先日、超一流クライアントから給食委託契約(社員食堂)の契約解除を通知された。メールか封書で通知してくれればいいのだが、対面で直接伝えたいと一流の心遣いをしてくださったので一級建築士設計の一流の作りのビルで会うことになった。なお当社上層部は同行を拒否した。嫌な話は聞きたくないそうです。二流だ。

一流ブランドのスーツを着た担当者からあらためて説明を受けた。説明をされても解約は解約である。話を聞いて「そうですか」と肩を落とした。同行した部下は沈痛な表情を浮かべていた。当該部下は一流沈痛マン。沈痛な表情に定評があるので連れてきたのである。重苦しいムードを作り上げてくれる当社の切り札だ。「何とかなりませんか」とあがいてみた。担当者は「解約条項に則った解約です。決定事項です」と冷たく言い放った。隙のない一流の回答。次の業者は決まっていて、すでに裏では動いているという話だった。一流は裏工作も一流だ。「わかりました」僕はため息をついた。一流のため息に見えていただろうか。

その超一流クライアントとの付き合いは苦労の連続だった。要求は高く、無理難題も多かった。それでも二流企業な〜り〜に〜精一杯応えてきたつもりだ。こちらからも、昨年から、昨今の社会情勢に合わせて値上げの申請もしてきた。収益が出なければビジネスとして成立しない。だが相手は超一流。喪失したら大きい。だからギリギリに収益が見込めるラインの数字でお願いした。しかしこれらのお願いは受け入れられなかった。「当社も苦しいんですよ」と担当者は説明した。春闘で当該超一流クライアントの賃上げ満額回答が報道されていた。超一流クライアントが販売する商品への価格転嫁、大幅な価格アップも発表された。こういうムーブができるから一流なのだ。

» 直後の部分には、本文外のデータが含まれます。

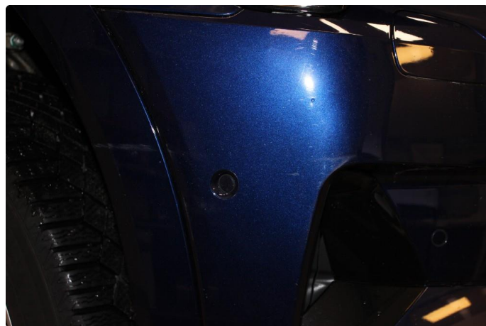
1.2 Noen små riper på hjulbue. Er rubbet og polert.
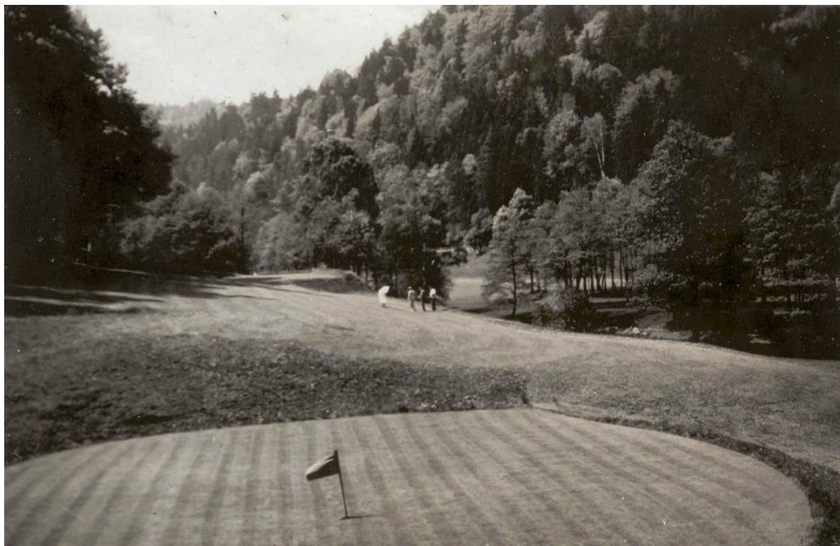
4/ Golfové hřiště v Gerjír parku
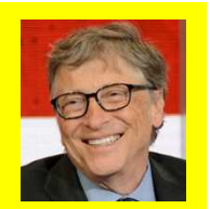
ビル・ゲイツ氏 (1955年生まれ63歳) マイクロソフト創設者 実業家 慈善活動家

「展望」という意味です。スケジュール管理を自分で行って、自分自身の行動をマネージメントします。またP(計画)D(実行)S(振り返り)サイクルを繰り返す、社会に出て活躍する力を育みます。
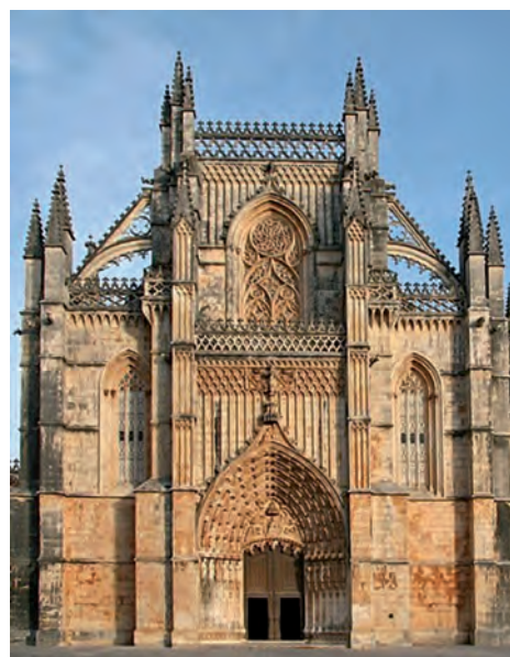
Figura 3 – Igreja de Santa Maria da Vitória, Batalha, séculos XIV-XV

* 2.1. O período de «consolidação da estética gótica» (Texto B) está fundamentalmente associado
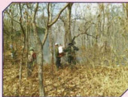
ดับไฟป่า
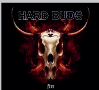
HARD BUDS. Fire . Hard Buds, 2023. < www.hardbuds.rocks >
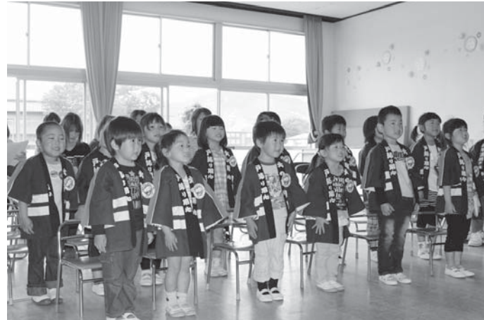
▲園児全員で絶対火遊びはしないことを誓いました

「長い間ありがとうございました。お世話になりました」という担当者の言葉を聞いて僕はなんとなくその一言で報われた気分になった。それからこの事業がなくなることによって失うものを考え、それから呆気なさに拍子抜けした。でもこれでいいのだ。しょせんビジネス。金の切れ目が縁の切れ目。僕が感傷に浸っている一方で担当者は一流らしく淡々と事務的な連絡をした。撤退へのスケジュールだ。既に決められていて、こちらは首を縦に振るしかなかった。意見も求められなかった。「既決事項です。従ってください。お願いします」それだけだった。一流の仕事だ。

僕は現場で働くスタッフの顔や声が浮かんできて、なんとも言えない気持ちになり、胃の底から出てくるものを抑えるのに必死だった。半沢直樹なら倍返しをしているところだろう。でも、解約の倍返しってなんだろう?解約の解約?つまり成約。二流の僕にはわからない。沈痛一流部下はただただ鎮痛な顔を食べていた。最後に「これで関係は終わってしまいますけれども今後とも何かありましたらよろしくお願いします」と担当者は言った。一流の気配りだ。何かありましたらの九割九分は何もなく終わることを僕は三十年間の会社員生活で知っている。

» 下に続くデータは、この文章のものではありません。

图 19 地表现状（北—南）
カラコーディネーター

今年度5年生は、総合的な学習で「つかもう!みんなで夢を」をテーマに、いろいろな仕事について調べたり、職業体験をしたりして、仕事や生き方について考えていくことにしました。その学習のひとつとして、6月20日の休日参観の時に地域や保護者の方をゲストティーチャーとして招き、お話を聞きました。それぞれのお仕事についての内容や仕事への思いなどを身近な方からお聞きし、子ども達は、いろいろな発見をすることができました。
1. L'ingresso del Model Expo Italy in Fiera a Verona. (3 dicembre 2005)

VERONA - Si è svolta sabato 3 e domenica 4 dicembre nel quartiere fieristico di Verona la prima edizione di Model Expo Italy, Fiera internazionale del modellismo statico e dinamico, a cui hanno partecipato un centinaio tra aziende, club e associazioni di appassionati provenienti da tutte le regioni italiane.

こうして一流クライアントとのラスト商談は終わった。沈痛部下と二人並んで肩を落として見送られるエレベーターの前で「別の形で何とかなりませんかね」と僕は駄目もとで懇願してみた。二流だ。「これで終わりです。御社にとって厳しい結果かもしれませんが、恨みっこなしです」と担当者は言った。それで終りだった。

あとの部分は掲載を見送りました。